Приятели снова забросили удочки и, не спуская глаз с поплавков, с беспокойством ждали, кому повезет.
— Скажи-ка, Барбассон, — некоторое время спустя спросил Барнетт, — а если не будет клевать?
— Ты шутишь… Приманка приготовлена мной по всем правилам искусства… secundum arte! [5]
— Если ты будешь говорить по-провансальски, я заговорю по-английски, и тогда…
— Как ты глуп! Это воспоминания о коллеже! Это латынь!
— Ты что, был в коллеже?
— Да, до шестнадцати лет. Меня даже завалили на экзамене на степень бакалавра в Эксе, там есть маленький факультет специально для провансальцев, это было целое событие. За тридцать лет провалили только одного парижанина, выдававшего себя за провансальца. Но у него акцента не было, и дело не выгорело. А я-то был из Марселя… Это уж было слишком, еще немного, и на Канебьер разразилась бы революция. Хотели было пойти маршем на Экс, но как-то все уладилось, экзаменаторы обещали больше так не делать.
5
Согласно правилам искусства — (лат.)
— И тебя приняли?
— Нет. Тем временем папаша Барнетт по недосмотру уронил мне на задницу пук веревок, и я бежал из отцовского дома… С тех пор я туда не возвращался.
— А я, — продолжал Барнетт, — никогда не ходил в колледж. Когда я начал работать учителем, то не умел ни читать, ни писать.
— Слушай, Барнетт, вы, пожалуй, и марсельцев переплюнете!
— Нет, ты сейчас поймешь… надо же было как-то жить. Я согласился на место директора сельской школы в Арканзасе.
— И как же ты выкрутился?
— Я заставил старших школьников вести занятия в младших классах, а сам слушал и учился. Через три недели я умел читать и писать. Через два месяца с помощью книг вел уроки не хуже любого другого.
— Эх, Барнетт, как воспоминания детства освежают сердце, я так расчувствовался! Нет ничего лучше для откровенного, доверительного разговора, чем рыбная ловля. Кажется, что эта бечевка как путеводная нить, которая… Смотри-ка, клюет… Осторожно, Барнетт, молчим!
Умелым движением руки Барбассон стал медленно, почти незаметно подтягивать удочку на себя и не сумел сдержать торжествующий крик, увидев, как на поверхности воды появилась великолепная форель на пять-шесть фунтов. Они быстро подвели под нее сетку и вытащили на борт. Это была чудесная рыбина с розовой чешуей, с нежной красновато-золотистой кожицей, которую так ценят гурманы.
Барнетт с сожалением вздохнул.
— Ты подумал о масле и зелени, чертов обжора! — сказал ему Барбассон.
Вдруг провансалец крикнул другу:
— Следи за своей удочкой! У тебя клюнуло, поплавок ушел под лодку.
Но ошибка его быстро обнаружилась. Он замолчал, вытаращив глаза и открыв рот, вид у него был глупый и ошеломленный, словно он испытал неожиданное и сильное потрясение…

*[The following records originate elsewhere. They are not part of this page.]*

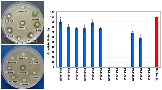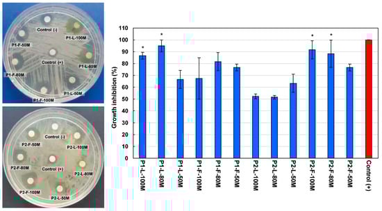 All extracts showed growth inhibition against E. coli, ranging from 51.67 to 95.00%. As can be observed in Figure 4, the best results of bacterial growth inhibition against E. coli were obtained by the leaf extract from Population 1 extracted with 80% methanol (P1-L-80M), reaching 95.00 ± 5.00% (19 mm) > the flower extract from Population 2 extracted with 100% methanol (P2-F-100M), with 91.67 ± 7.64% (18 mm) > the flower extract from Population 2 extracted with 80% methanol (P2-F-80M), with 88.33 ± 11.50% (17.6 mm) > the leaf extract from Population 1 extracted with 100% methanol (P1-L-100M), with 86.67 ± 2.89% (17 mm). According to Dunnett’s test, no significant difference was found in the bacterial growth inhibition of the extracts mentioned above and the control used (ampicillin, 10 mg/mL).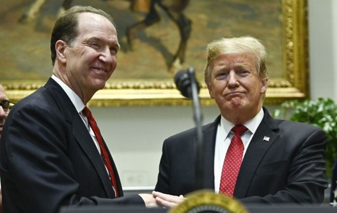 2019년 2월 세계은행 총재 후보자로 지명된 데이비드 맬패스(왼쪽) 당시 재무부 차관이 백악관에서 도널드 트럼프 대통령과 손을 맞잡은 채 환하게 웃고 있다. 워싱턴=UPI연합뉴스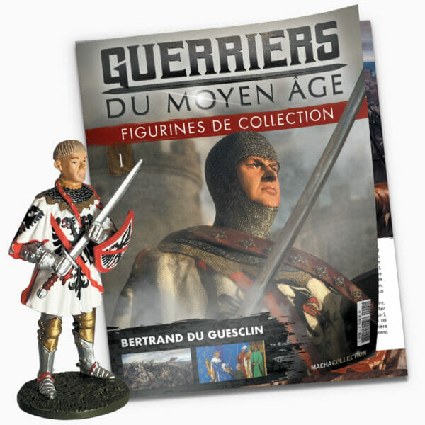 Vivez un voyage dans le temps, lors de la Guerre de Cent Ans avec une figurine de 54 mm exclusive de Bertrand du Guesclin, peinte à la main. Mais aussi, à travers le magazine de 16 pages détaillant les plus grandes batailles du guerrier. À travers ce magazine, vous découvrirez la phase Caroline, phase qui débuta après la courte paix de neuf ans. Vous découvrirez également toutes modifications faites sur les boucliers durant la guerre de Cent Ans.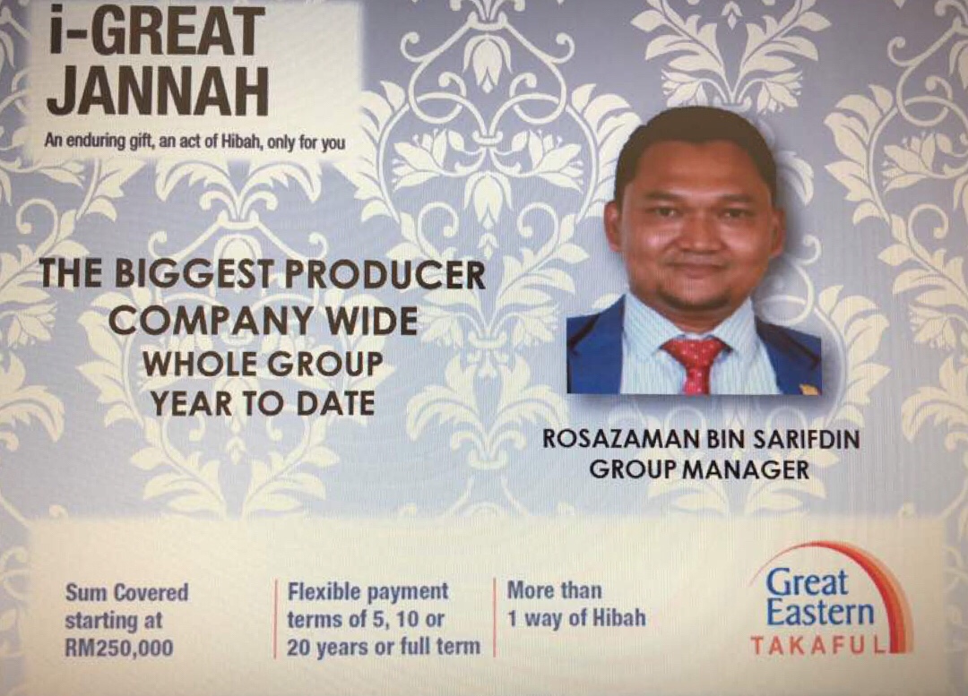 Besar harapan beliau, mengharapkan si suami ada mengambil plan bersama kami di Great Eastern Takaful Berhad. Berat hati saya ingin memaklumkan kepadanya. Setelah membuat semakan, si suaminya tiada sebarang sijil di Great Eastern Takaful Berhad.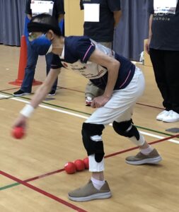 日常的に、練習している成果は大きいと思います。支援員のアドバイスを聞いて、しっかり、目標の白いボールを狙って、何回も手を持ったボールを振りながら、狙いを定め投げていました。方向も大事ですが、投げる力加減によっては、遠くまで飛びすぎて、赤いラインを超えてしまうと失格です。弱すぎても、白いボールのあるところまで行きません。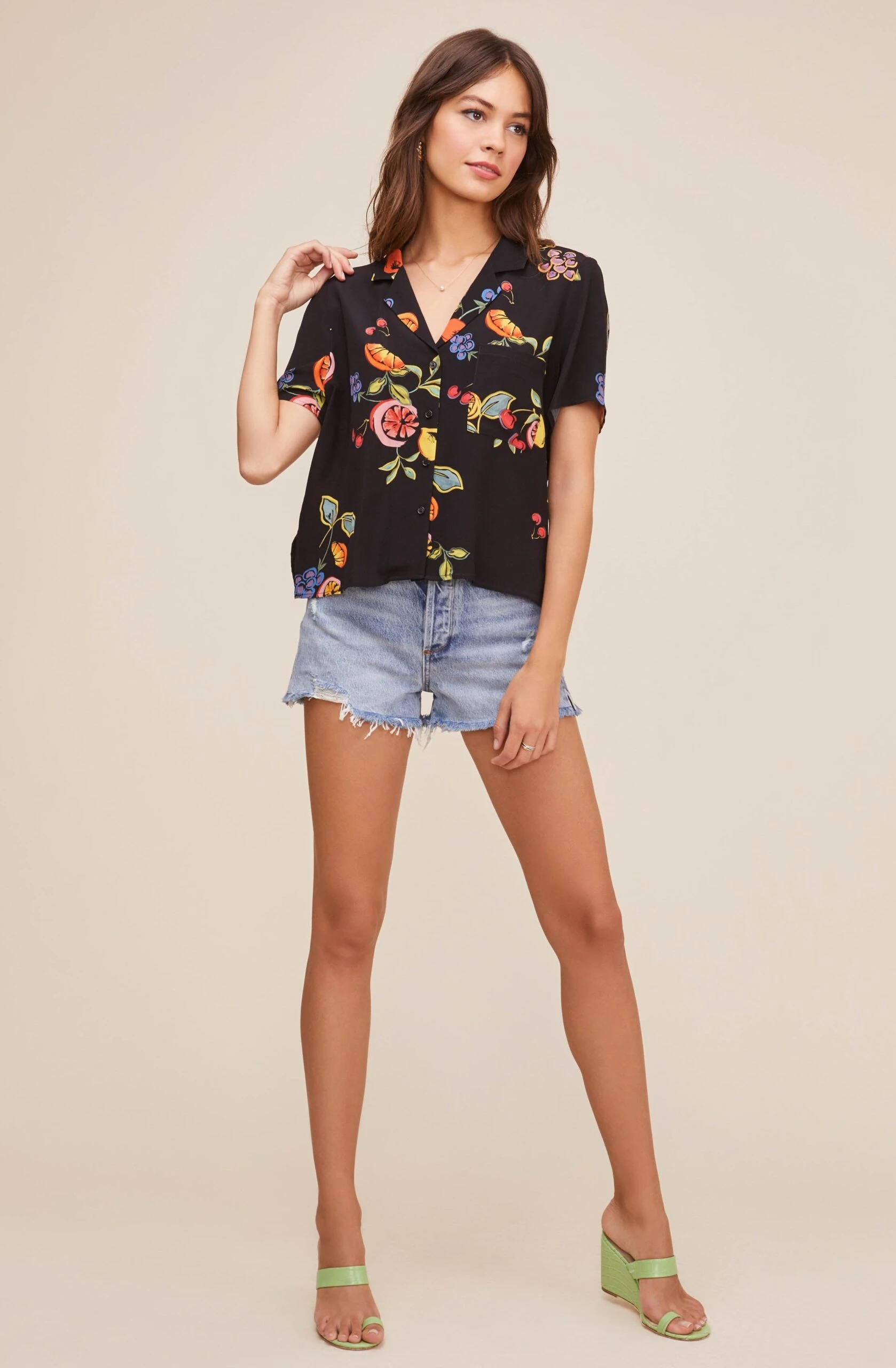 Be a tourist in your own city for a day! This cheerful top features a notched collar that leads to a button down front. Vibrant fruit print and short sleeves.

Лодка двигалась, медленно, почти незаметно, но двигалась, и именно ее движение, благодаря которому она приблизилась к поплавку, и ввело Барбассона в заблуждение.
— Слушай, Барнетт, кроме шуток… она движется? — заикаясь, спросил несчастный, который на сей раз действительно был близок к безумию.

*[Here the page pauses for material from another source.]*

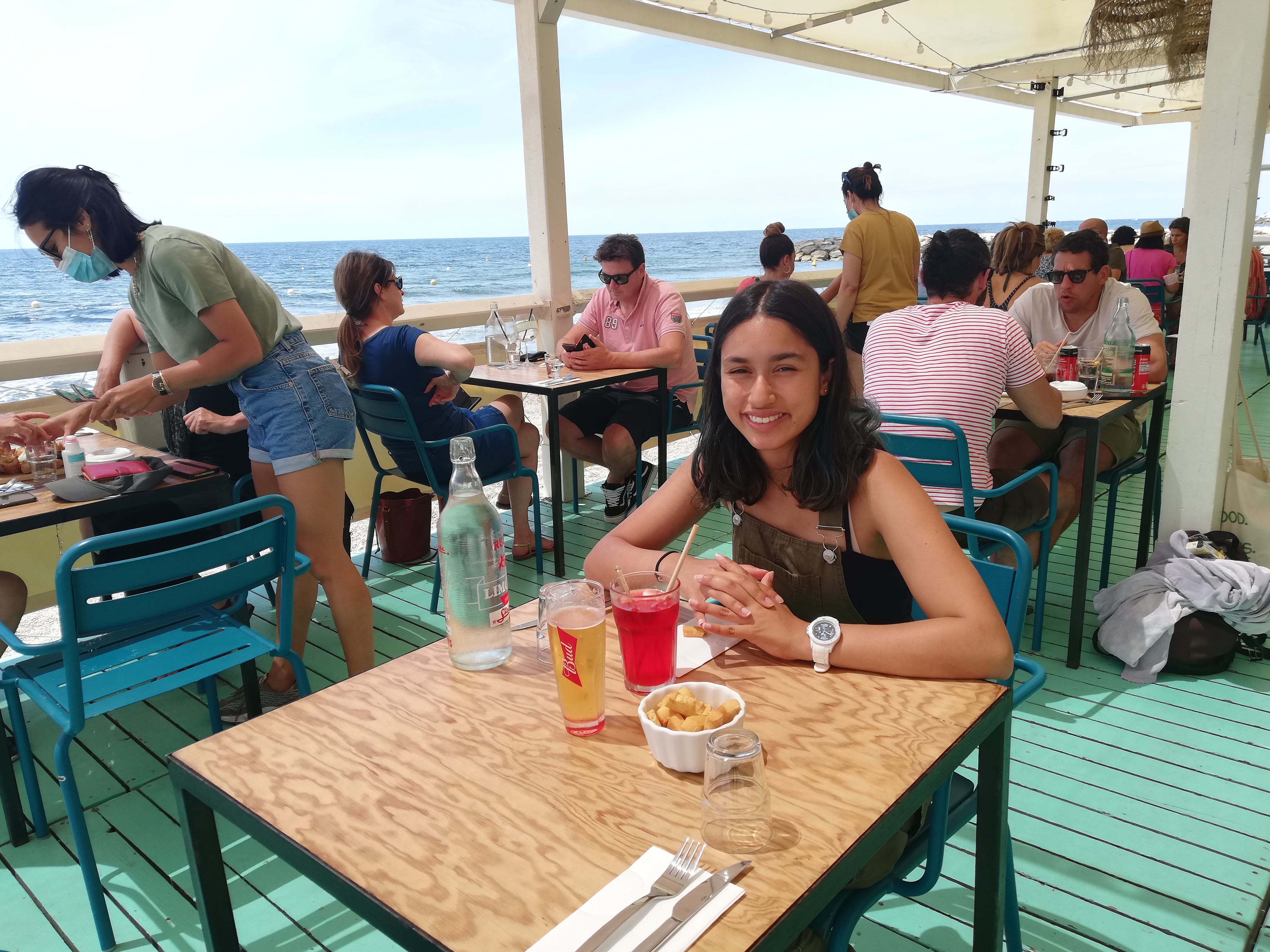 Superbe endroit : - Plats DÉLICIEUX (des tapas, aux plats aux desserts) ; - Emplacement magique avec vue sur la mer et atmosphère/decoration très cool ; - Service au top 🙂 Un endroit différent des resto classiques du bord de mer. Y foncer !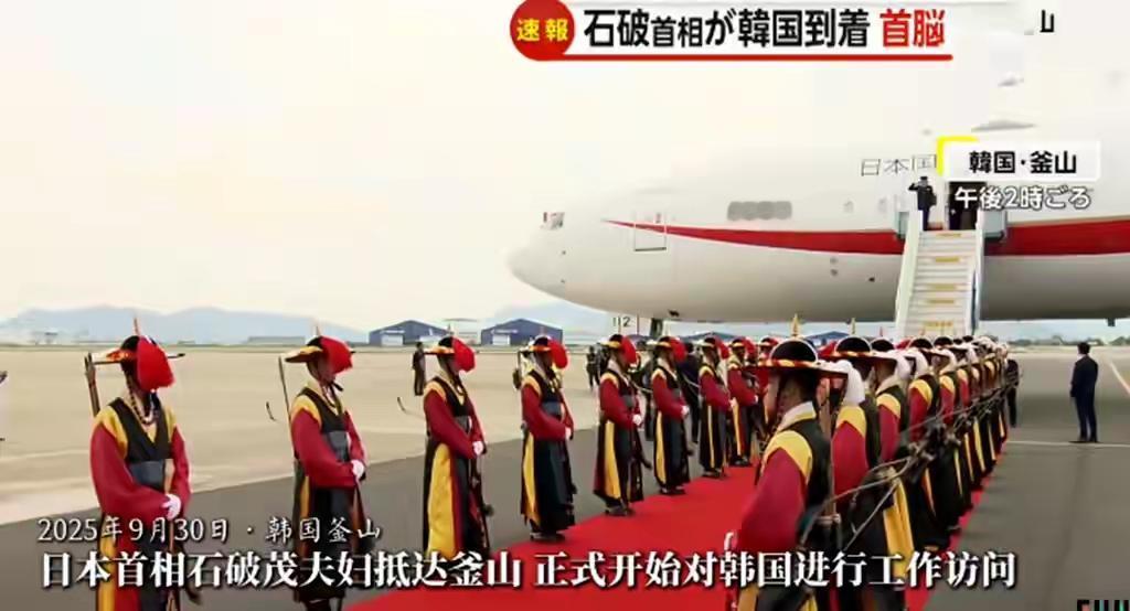 日本首相石破茂访问韩国,这是石破茂当首相的最后一次外访,还有三天石破茂就要卸任啦。 韩国总统李在明为其举行了隆重的欢迎仪式,机场铺设了长长的地毯,可见韩国对日本首相石破茂的重视,参加仪式的韩国工作人员穿上了传统服饰,列队欢迎石破茂。

Барнетт не мог ответить, он хотел крикнуть, но слова застряли у него в горле, и, взмахнув в воздухе руками, он тяжело рухнул на палубу.
Увидев, что друг упал, Барбассон бросился к нему на помощь. Не зная, что делать, он окатил Боба холодной водой. Она произвела обычное действие, и Барнетт пришел в себя. Он в остолбенении смотрел вокруг, бормоча:
— Это дьявол, Барбассон… дьявол хочет погубить нас!
При других обстоятельствах эти слова вызвали бы смех у скептика Барбассона, но в данный момент он напрасно пытался собраться с мыслями. Налицо был неоспоримый факт: шлюпка двигалась. Постепенно она набирала скорость, и все быстрее вращающийся винт оставлял за собой длинную полосу пены… Мозг Барбассона не в состоянии был объяснить происходящее.
Через несколько минут он почувствовал, что кровь не так стучит у него в висках, и попытался сообразить, в чем же дело.